The radio screeches. A loud voice fills the Dubuque Street ambulance hub.
Two paramedics hasten to their vehicle.
Lights. Sirens. Full throttle.
The ambulance speeds to One-Eyed Jakes. They find a college-age man crumpled and abandoned on the curb, his body immobilized by alcohol.
All around, bar-goers watch and yell and catcall. Paramedics hoist the prone body onto a stretcher, strap him down, and load him into the back of the brightly lit ambulance.
Normally, it’s a one-patient ride. But not tonight.
Paramedic Darrin Hayes adds another man at the same stop, this one too drunk to speak. He sways silently on the vehicle’s long, black bench as the ambulance bumps the short distance to the UI Hospitals and Clinics.
The first man vomits, turning the crisp white stretcher sheets shades of brown and green. Hayes is barely fazed. He and the 37 other paramedics see it all the time.
“They’re not just getting drunk, they’re getting belligerently drunk to the point where they are unresponsive,” said 14-year Johnson County Ambulance Service paramedic and longtime Field Supervisor Bob Libby.

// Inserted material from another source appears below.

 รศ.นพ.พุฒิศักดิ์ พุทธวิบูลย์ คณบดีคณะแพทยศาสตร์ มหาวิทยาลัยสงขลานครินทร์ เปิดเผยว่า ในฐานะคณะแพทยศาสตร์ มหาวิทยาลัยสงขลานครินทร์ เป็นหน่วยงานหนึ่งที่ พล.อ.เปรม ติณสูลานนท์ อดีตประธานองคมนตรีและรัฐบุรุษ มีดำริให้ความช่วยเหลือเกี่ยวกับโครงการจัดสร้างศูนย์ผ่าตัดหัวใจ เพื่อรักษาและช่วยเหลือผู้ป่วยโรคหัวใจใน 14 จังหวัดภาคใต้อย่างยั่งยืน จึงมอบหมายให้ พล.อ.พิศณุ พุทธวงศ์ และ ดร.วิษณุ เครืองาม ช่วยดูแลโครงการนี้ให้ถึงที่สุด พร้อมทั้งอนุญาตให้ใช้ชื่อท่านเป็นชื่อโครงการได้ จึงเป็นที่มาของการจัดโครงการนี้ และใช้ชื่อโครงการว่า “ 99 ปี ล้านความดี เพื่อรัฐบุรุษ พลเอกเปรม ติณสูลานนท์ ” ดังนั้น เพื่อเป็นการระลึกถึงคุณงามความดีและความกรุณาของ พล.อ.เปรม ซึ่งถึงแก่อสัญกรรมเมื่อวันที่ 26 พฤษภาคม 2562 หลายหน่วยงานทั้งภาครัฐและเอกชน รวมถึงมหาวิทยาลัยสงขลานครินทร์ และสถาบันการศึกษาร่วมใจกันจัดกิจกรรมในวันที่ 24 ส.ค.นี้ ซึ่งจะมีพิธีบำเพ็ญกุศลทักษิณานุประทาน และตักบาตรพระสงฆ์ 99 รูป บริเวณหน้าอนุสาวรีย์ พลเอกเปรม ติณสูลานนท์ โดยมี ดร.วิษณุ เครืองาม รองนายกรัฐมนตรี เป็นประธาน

A Daily Iowan investigation involving a study of alcohol statistics, student behavior, nearly a dozen hours riding along with ambulances, and more than 20 interviews found that UI students are getting substantially more intoxicated than in recent years, commonly imbibing dangerously high and sometimes lethal levels. The study found that:
• The average range of blood-alcohol concentrations for students with alcohol-related violations referred to Health Iowa, a branch of the UI Student Health Service, rose from 0.13-0.17 to 0.18-0.25 in the most recent five-year period. That level can result in a high risk of injury or blackouts, even death.

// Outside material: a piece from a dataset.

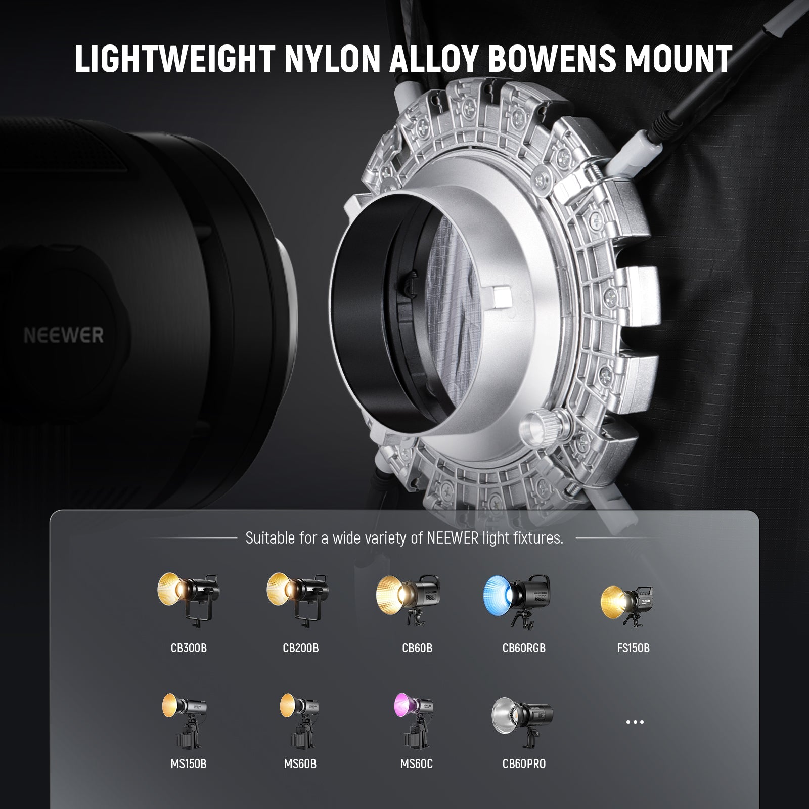 - Adjunte a través del soporte Bowens : este difusor de caja de luz para fotografía con soporte Bowens estándar es compatible con varios equipos de iluminación de estudio, flashes estroboscópicos, flashes monoluces y luces de video LED COB de salida continua, incluido NEEWER Vision 4 Q4 CB300B CB200B FS150B CB100C MS150B MS60C MS60B CB60 RGB S101- 300W/400W PRO, compatible con Aputure 300c 200X 60D 60x S, compatible con Godox SL60w, compatible con SmallRig RC 120D RC 120B, etc.

• The number of binge drinkers continues to increase, with women catching up with men. In a spring 2009 university survey, the increase in female binge drinkers doubled the increase seen in males since spring 2007. Eighty-one percent of men and 69 percent of women reported consuming five or more drinks in one sitting during the previous two weeks, according to the survey.
• Alcohol-related ambulance calls to downtown are up 21.4 percent, a jump from 238 to 289 in the last five years, according to data compiled by Professor Emeritus John Neff, who has studied local crime and alcohol for the last 10 years.
• The amount of dangerous drinking has become so severe that the number of calls are putting a strain on the ambulance service. It has been hit with a 37 percent increase in overall calls to downtown, a jump of nearly 200 in five years. A large percentage of those calls come in at similar times during the late night and early morning, when the action in the downtown bars and parties peaks.
“There gets to be a tipping point,” said former UI Provost Peter Nathan, a nationally known expert on alcoholism. If the trend continues, “what will happen is there will be a rash of serious crime, or there will be some deaths, and the City Council will do something draconian — or the university will try to do something very, very strict. And those things would not be successful.”
The campus, surrounded by a city where the number of liquor licenses has mushroomed by 140 percent since 1983, has struggled with underage and binge drinking. Surveys frequently place the university among the “best” party schools.
Binge-drinking rates among UI students tower over those at most other universities. What authorities believe is alcohol-induced male-on-male violence has recently heightened safety concerns throughout the community.
The city and university are addressing unsafe drinking through tough new ordinances and regulations, increased education, and class-scheduling changes. They also mounted a joint front in March in the Partnership for Alcohol Safety.
But the dramatic increase in drunkenness among students and the additional calls to the ambulance service add a element of urgency for dealing with the problem.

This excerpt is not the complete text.